Brückners Time Signals
The Watch as a Networking Instrument
What's going on when the economic situation stutters and the job market, as a direct result of the laws of Darwin, is affected as a consequence? Dozens of advice books home and abroad can't all be wrong: They recommend specific networking. Making new contacts is so essential for the national economy that at conferences, "coffee breaks" are no longer planned in. Today, the time between two Powerpoint-supported boring seminars is used for a "networking break". So at least being there makes sense. Indeed, good networking can also be learnt, of course. One can initiate contacts on the technical level, presuming that the networking participants come from the same branch.

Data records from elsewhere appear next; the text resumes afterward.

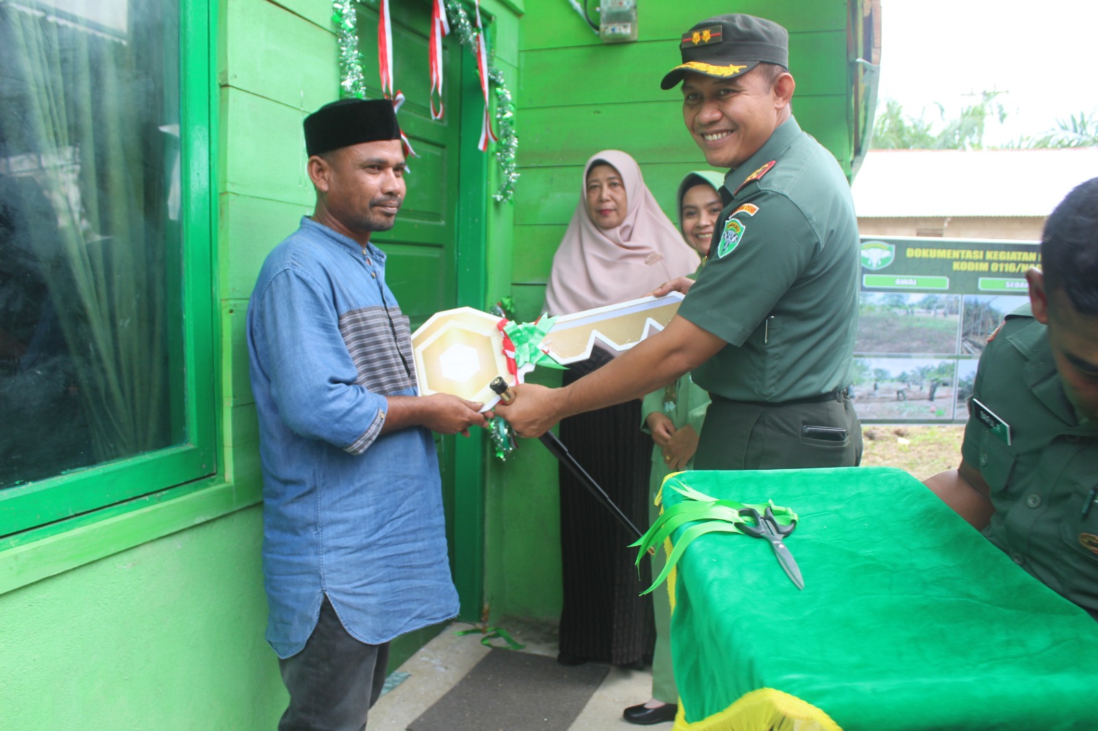 Nagan Raya, Komandan Kodim 0116/Nagan Raya Letkol Inf Fairuzzabadi, S.H. menyerahkan secara simbolis kunci Rumah Tidak Layak Huni (RTLH) kepada Pak Syahrul pemilik rumah di Desa Drien Tujoh Kecamatan Tripa Makmur Kabupaten Nagan Raya, Rabu (06/09/2023).
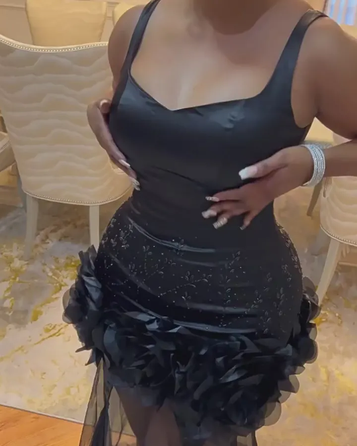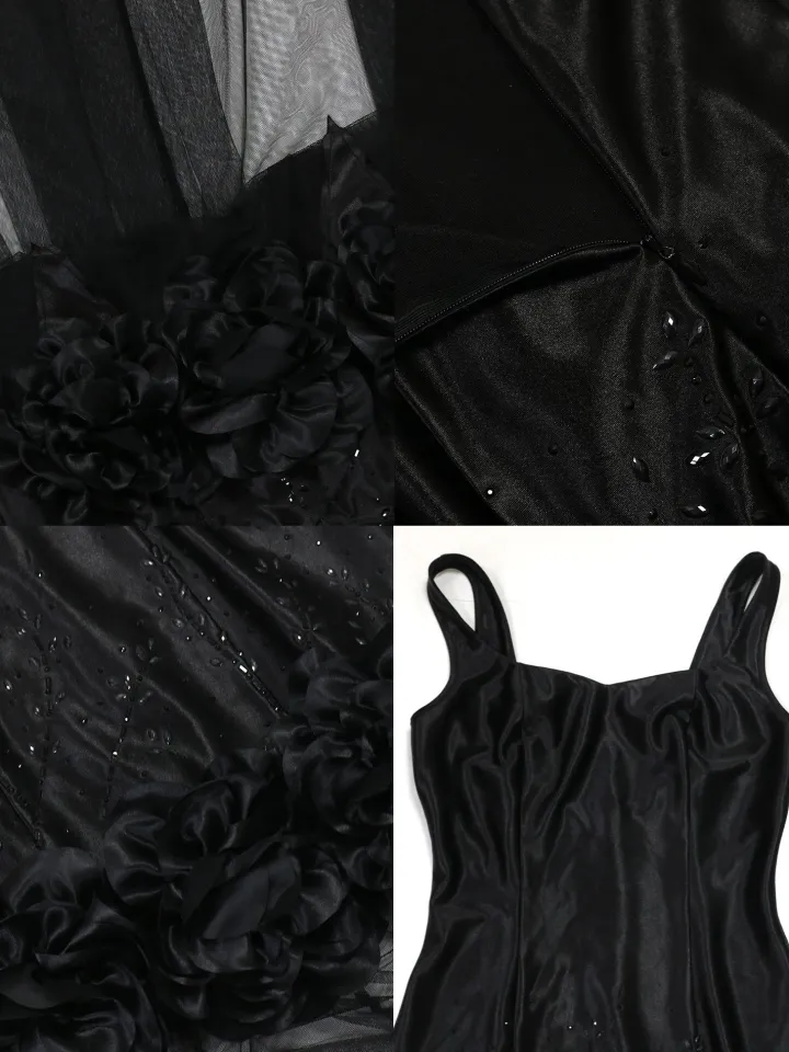 Sleeveless Sequin Flower Mesh Patchwork Maxi Dress
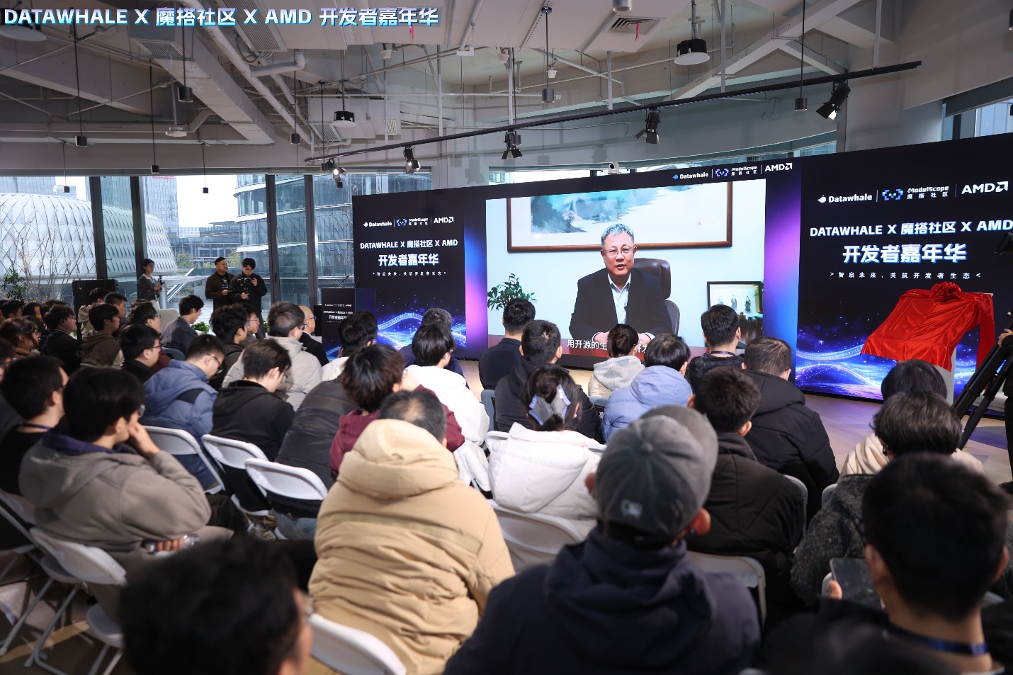 在开场的视频致辞中,AMD高级副总裁、大中华区总裁潘晓明表达了开源、开放是AMD坚持的核心价值,一直致力于支持并推动开源生态的蓬勃发展, 期待在魔搭社区和Datawhale这两大领先的开源社区中,AMD的创新技术与开发者的创新智慧,能够通过开源的力量融合在一起,激发潜能,为AI的发展与普及注入源源不断的动力。

What, however, if two contemporaries from completely different areas should meet? What, for example, should a HNO doctor speak about with a banker? About diseases? About sensible investment alternatives? Both subjects are unsuitable because, whatever happens, profound know-how could only be introduced by one of the networkers. A neutral subject would be more suitable. Let's get down to brass tacks: It came to pass in these days that a banker from the Rhine Main area visited a HNO doctor. After the medical questions were all cleared up, the patient looked to the doctor, viewing his wrist in a curious fashion: “May I see your watch?“, he asked abruptly. The doctor felt flattered and proudly presented his timepiece from Swiss provenance. Then the ex-banker took his Chrono from his wrist – and both found that they had a common subject. In the evening, three days later, they met in a wine bar and spoke in detail of watches, accompanied by several glasses of Riesling. Not a word was spoken about disease, or investment recommendations. But the doctor had won a patient, and the banker a customer.
Watches indicate not only the time. They are an excellent subject for successful networking and witty small talk. In this way in the past, this author has won over more than one customer. You just can't go wrong with this subject, as long as no-one is making a garish exhibition of themselves. Who would have anything against mechanical watches? I was even able to score sustainable points against an engaged ecological activist as I assured him that I only wore mechanical watches because I didn't want to damage the environment with the use of batteries from quartz watches.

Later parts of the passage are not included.